The lowest concentrations (<1 mg kg−1 dw) were observed in the leaves of Cannabis sativa, Rosmarinus officinalis, and Phalaris arundinacea. These observations illustrate the differential ability of plants to accumulate and distribute Cd within their various tissues, which is crucial for selecting species for phytoremediation purposes. Eucalyptus spp. appears to possess the highest Cd concentrations, particularly in roots and shoots, indicating its strong accumulation capacity, while species like Aloe vera, Phalaris arundinacea, and Lavandula spp. show the lowest Cd concentrations overall, suggesting their limited Cd uptake capability.

3.5. Zn Accumulation in Plant Parts

The data in Figure 9 present the average Zn concentration (mg kg−1 dw) in the studied plants, revealing significant variability in Zn concentration across different species and tissues. Cynara cardunculus shows the highest total average Zn concentration at 3538.57 mg kg−1 (dw), followed by Lavandula spp. (1364.65 mg kg−1 dw) and Populus spp. (536.96 mg kg−1 dw). The lowest total average Zn concentrations (<30 mg kg−1 dw) were detected in Panicum virgatum, Chrysopogon zizanioides, and Aloe vera.
Similarly, in Cynara cardunculus, Populus spp., and Lavandula spp., the highest mean Zn root concentrations were observed at 4961.64, 1434.60, and 890.85 mg kg−1 (dw), respectively. Elevated Zn root concentrations were detected in most of the rest species studied, with the only exception being Eucalyptus spp.at 1.79 mg kg−1 dw.
The highest Zn shoot concentrations were observed once again in Cynara cardunculus and Lavandula spp. at 2115.49 and 1838.45 (mg kg−1 dw), respectively, while Mentha spp., Aloe vera, Panicum virgatum, and Chrysopogon zizanioides had the lowest concentrations (<40 mg kg−1 dw). There was a profound limitation with respect to the availability of data on Zn concentration in plant leaves. However, based on the existing data, the highest concentrations were observed in Lavandula spp., Rosmarinus officinalis, and Populus spp., at 1482.30, 301.00, and 299.67 mg kg−1 (dw), respectively, while the lowest concentration (<1 mg kg−1 dw) was observed in the leaves of Eucalyptus spp.
Therefore, Cynara cardunculus and Lavandula spp. appear to be significant Zn accumulators, whereas Aloe vera. Panicum virgatum, and Chrysopogon zizanioides were found to have minimal Zn concentrations in their tissues. A considerable variation was observed across the different species, with plant roots generally showing higher Zn concentrations compared to shoots and leaves, suggesting a higher capacity of the roots for Zn uptake and accumulation.
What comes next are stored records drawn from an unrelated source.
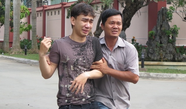 | Khi thi thể một chiến sĩ được đưa xuống khỏi xe cứu thương, một người đàn ông òa khóc. |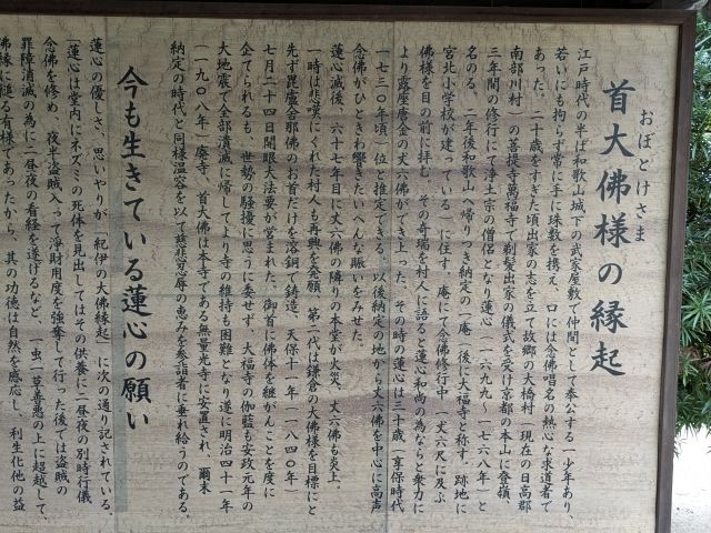 この首大仏、実は2代目の大仏様。最初の大仏は大福寺というお寺に享保年間(1716年〜1736年)に建立されたもので、高さ約4.8mの「丈六仏」であったそう。蓮心という僧侶が念仏修行中に一丈六尺もの仏様を目の前に拝み、その話をきいた村人によって造り上げられます。
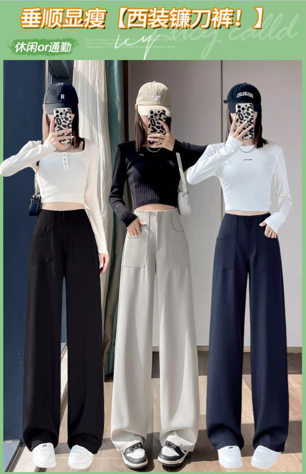 Trajes estrechos, pantalones de piernas anchas, mujeres, primavera y otoño, 2024 nuevos pantalones de cintura alta, delgados, rectos, relajados y casuales.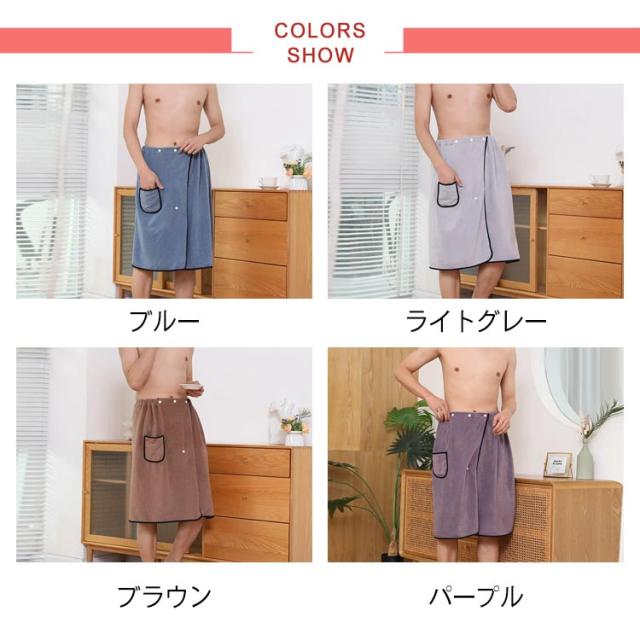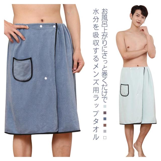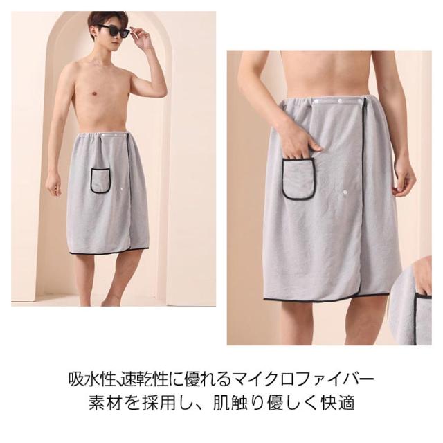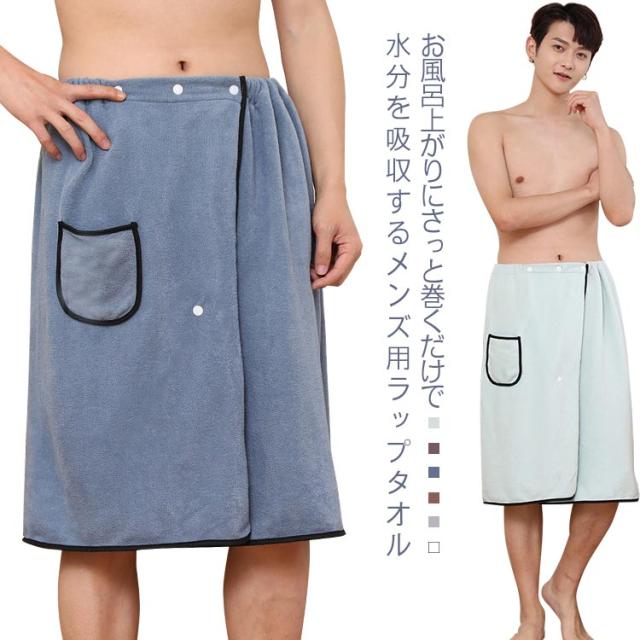 ラップタオル メンズ 巻きタオル バスタオル マイクロファイバー お風呂タオル 吸水 バスローブ ポケット付き お風呂上がり 男性 大人用 お着替えタオル 着脱簡単 スカートタオル バスローブ 温泉 スイミング ビーチ プール 海水浴 ジム 送料無料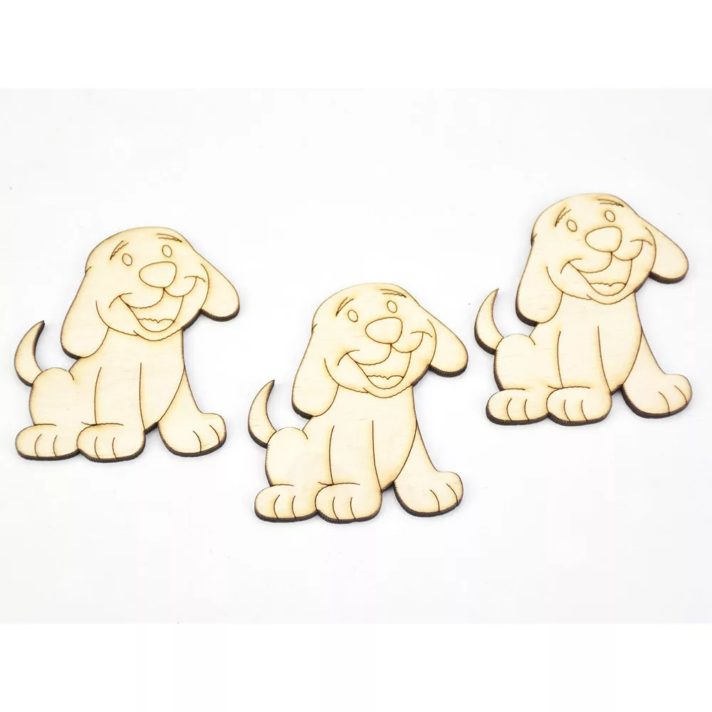 Natúr fa - Rajzos kutyus 6cm 3db/csomag – festéshez és dekorációhoz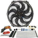 Electric Cooling Fan - Tornado - 16 in Fan - Pull / Pusher - 2175 CFM - 12V - Curved Blade - 16.75 x 15.5 in - 3.875 in Thick - Install Kit - Plastic - Kit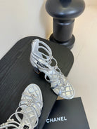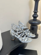 CC 25SS Camellia Multi Straps Heel Sandal 60mm Silver Metallic Sheepskin 351436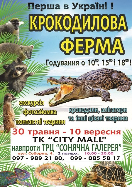 Здесь Вы сможете понаблюдать за самыми древними и самыми опасными хищниками нашей планеты, узнать много интересного об их жизни и охоте. На ферме собраны крокодилы и аллигаторы различных видов со всех уголков земного шара; здесь есть и дети, и солидные особи длиной 3,5 м. Кроме, собственно, крокодилов, представлены еноты, носухи, мартышки, сурикат, змеи, вараны, черепахи и другие интересные животные.

3.6. Cr Accumulation in Plant Parts

Figure 10 presents the data on the average Cr concentration (mg kg−1 dw) in the studied plant species. The highest total Cr concentration was detected in Chrysopogon zizanioides at 1861.31 mg kg−1 (dw), followed by Lavandula spp., with a notably high concentration of 830.70 mg kg−1 (dw). In all other species studied, the corresponding concentrations were below 120 mg kg−1 (dw), with the lowest concentrations (<10 mg kg−1 dw) observed in Populus spp., Cynara cardunculus, Aloe vera, Hibiscus-rosa sinesis, and Salix spp.
High Cr concentrations were detected in the roots of Chrysopogon zizanioides (1974.61 mg kg−1 dw), Lavandula spp. (817.50 mg kg−1 dw), Cyperus rotundus (400.00 mg kg−1 dw), and Cannabis sativa (107.98 mg kg−1 dw). On the contrary, the lowest concentrations (<5 mg kg−1 dw) were observed in Aloe vera, Salix spp., Hibiscus-rosa sinesis, and Eucalyptus spp.
The highest Cr shoot concentrations were once again detected in Chrysopogon zizanioides and Lavandula spp., with 1748.02 and 843.90 mg kg−1 (dw), respectively. In the remaining species studied, Cr shoot concentration was below 85 mg kg−1 (dw), while the lowest was observed in Populus spp. (0.24 mg kg−1 dw).
Data availability concerning Cr concentration in plant leaves was limited. However, based on the existing data, it is noteworthy that all species were found to have low Cr concentrations (<15 mg kg−1 dw) in their leaves. According to the results, Chrysopogon zizanioides and Lavandula spp. appear to be significant Cr accumulators, while in species like Salix spp., Hibiscus-rosa sinesis, Aloe vera, Cynara cardunculus, and Populus spp., the lowest Cr concentrations were observed.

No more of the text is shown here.